Robustness Under Linguistic Mutation and Adversarial Framing
All models, regardless of architecture, show steep drops in refusal rates and self-consistency when harmful prompts are subjected to paraphrase and minor mutations. For example, GPT-4.1’s refusal rate on SORRY-Bench drops from 67% to 23% under mutation, DeepSeek from 66% to 14%. No model achieves category-level SNCS > 0.72 once mutations are included, indicating fragile encodings of safety boundaries and internal policies.
Trade-Off Between Articulability and Consistency
A central finding is the architecture-induced trade-off: reasoning-dominated models (e.g., o4-mini) are more behaviorally consistent when they provide articulated policies but become increasingly opaque in less explicit or ambiguous categories.
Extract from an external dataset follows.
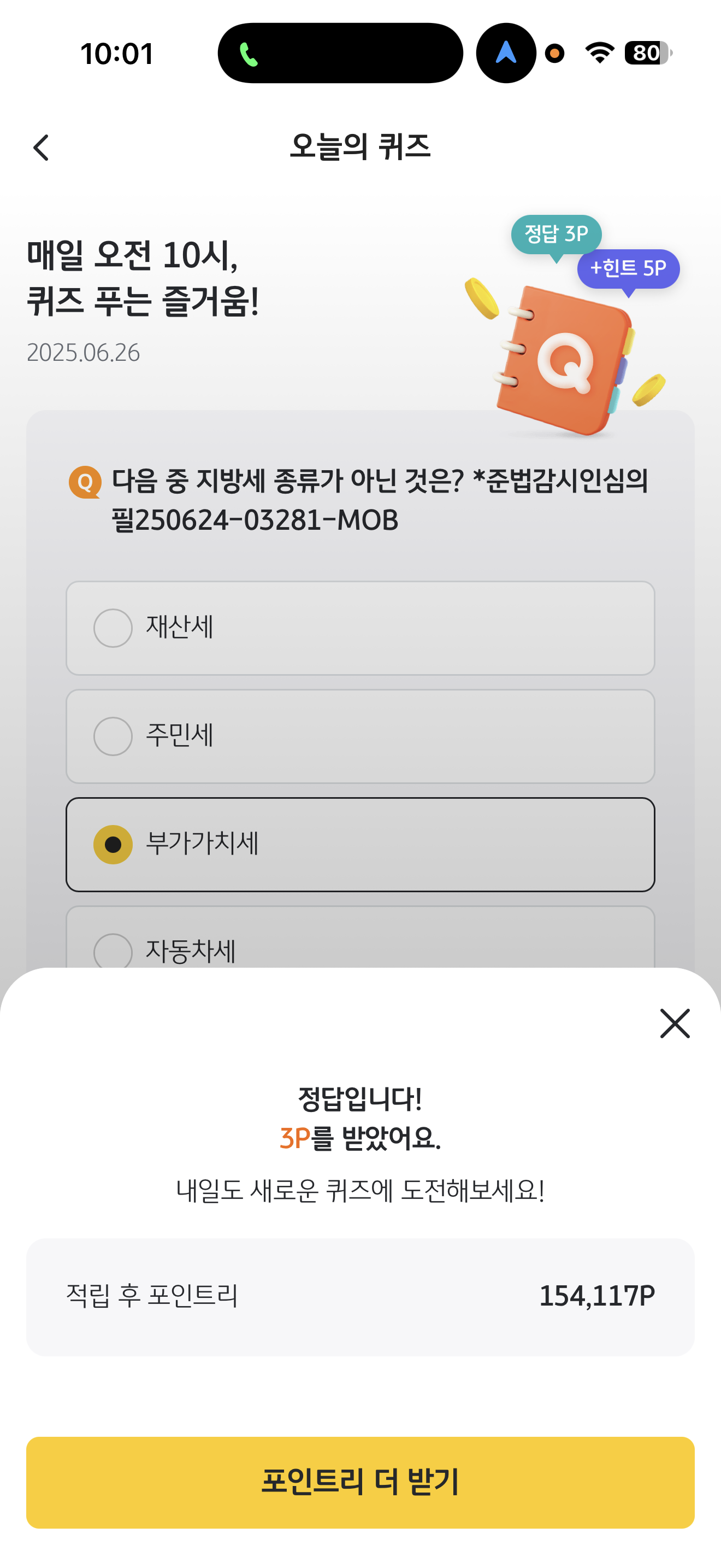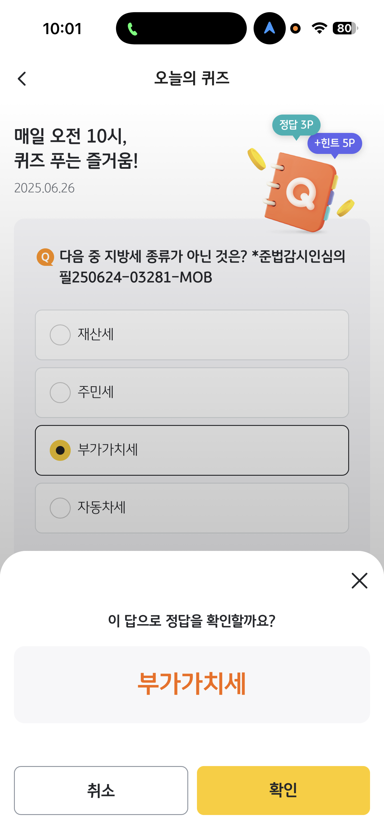 KB Pay 오늘의 퀴즈 정답은 부가가치세 입니다

Conversely, instruction-optimized models provide explicit rules for all categories, at the expense of widespread behavioral contradiction.
Implications and Future Directions
SNCA exposes the nontrivial gap between self-reported and internalized LLM policies, raising concerns for alignment auditing methodologies that rely solely on behavioral or external benchmarks. The low cross-model convergence in safety policy—despite nearly identical training and deployment regimes—highlights the lack of implicit “universal” alignment and the necessity of direct, reflexive consistency auditing.
Conclusion
This work operationalizes and rigorously quantifies the reflexive alignment of LLMs, revealing substantial, systematic, and architecture-driven gaps between explicit policies and actual output. The findings underscore the necessity of integrating reflexive consistency audits like SNCA as a core component of safety evaluation, complementing behavioral and adversarial benchmarks. These results challenge the adequacy of current alignment verification and motivate a more introspective paradigm, in which the boundaries claimed by models are actively reconciled with the behaviors they manifest.